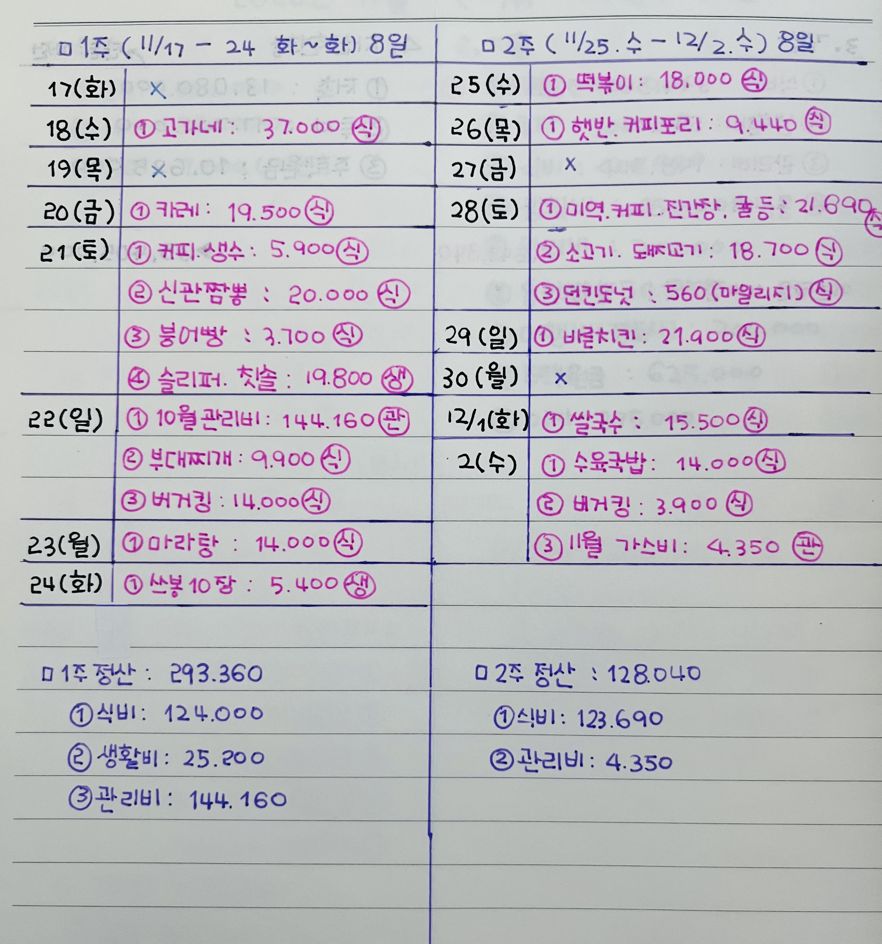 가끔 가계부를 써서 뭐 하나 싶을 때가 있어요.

==

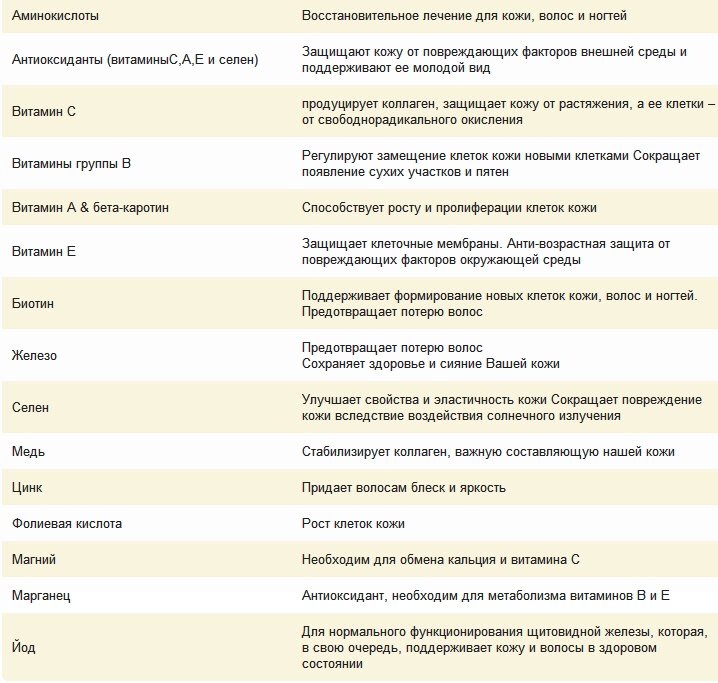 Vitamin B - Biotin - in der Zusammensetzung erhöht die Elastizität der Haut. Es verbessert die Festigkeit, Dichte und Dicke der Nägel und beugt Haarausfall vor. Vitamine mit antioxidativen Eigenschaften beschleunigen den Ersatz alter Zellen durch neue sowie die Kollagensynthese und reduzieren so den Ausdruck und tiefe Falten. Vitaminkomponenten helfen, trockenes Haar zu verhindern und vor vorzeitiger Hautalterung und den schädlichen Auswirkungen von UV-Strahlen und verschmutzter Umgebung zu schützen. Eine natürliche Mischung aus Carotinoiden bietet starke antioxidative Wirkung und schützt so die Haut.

--

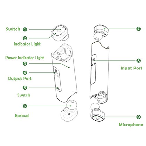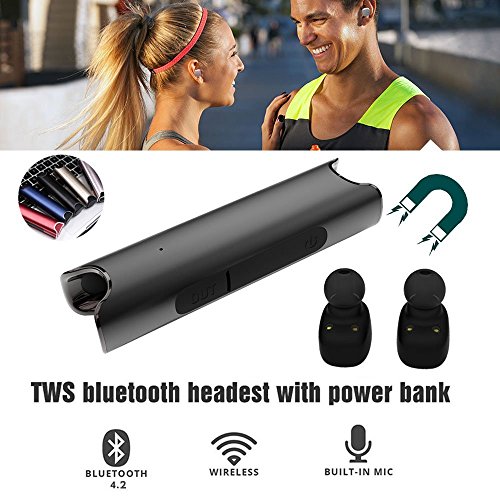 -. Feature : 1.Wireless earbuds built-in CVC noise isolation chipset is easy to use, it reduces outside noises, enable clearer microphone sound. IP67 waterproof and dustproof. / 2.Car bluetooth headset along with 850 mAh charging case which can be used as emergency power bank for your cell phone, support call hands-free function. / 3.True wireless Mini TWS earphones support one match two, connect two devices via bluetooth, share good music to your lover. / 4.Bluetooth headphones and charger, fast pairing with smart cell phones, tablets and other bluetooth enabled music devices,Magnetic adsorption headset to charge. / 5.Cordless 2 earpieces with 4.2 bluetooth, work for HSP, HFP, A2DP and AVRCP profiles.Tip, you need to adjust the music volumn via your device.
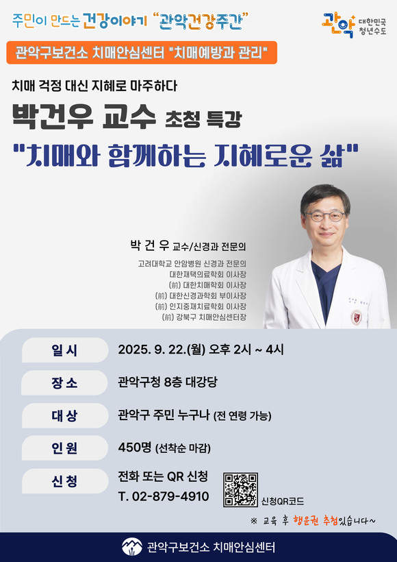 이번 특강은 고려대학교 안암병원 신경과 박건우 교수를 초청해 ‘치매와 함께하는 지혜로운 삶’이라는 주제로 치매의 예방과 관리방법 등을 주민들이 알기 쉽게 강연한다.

▶ _TASK BRIEF_: Copy everything above from the line holding "-. Feature : 1.Wireless" down to the line holding "이번 특강은 고려대학교", both ends included, exactly as it stands and without the pictures.

▶ _EXERCISE OUTPUT_:
 -. Feature : 1.Wireless earbuds built-in CVC noise isolation chipset is easy to use, it reduces outside noises, enable clearer microphone sound. IP67 waterproof and dustproof. / 2.Car bluetooth headset along with 850 mAh charging case which can be used as emergency power bank for your cell phone, support call hands-free function. / 3.True wireless Mini TWS earphones support one match two, connect two devices via bluetooth, share good music to your lover. / 4.Bluetooth headphones and charger, fast pairing with smart cell phones, tablets and other bluetooth enabled music devices,Magnetic adsorption headset to charge. / 5.Cordless 2 earpieces with 4.2 bluetooth, work for HSP, HFP, A2DP and AVRCP profiles.Tip, you need to adjust the music volumn via your device.
 이번 특강은 고려대학교 안암병원 신경과 박건우 교수를 초청해 ‘치매와 함께하는 지혜로운 삶’이라는 주제로 치매의 예방과 관리방법 등을 주민들이 알기 쉽게 강연한다.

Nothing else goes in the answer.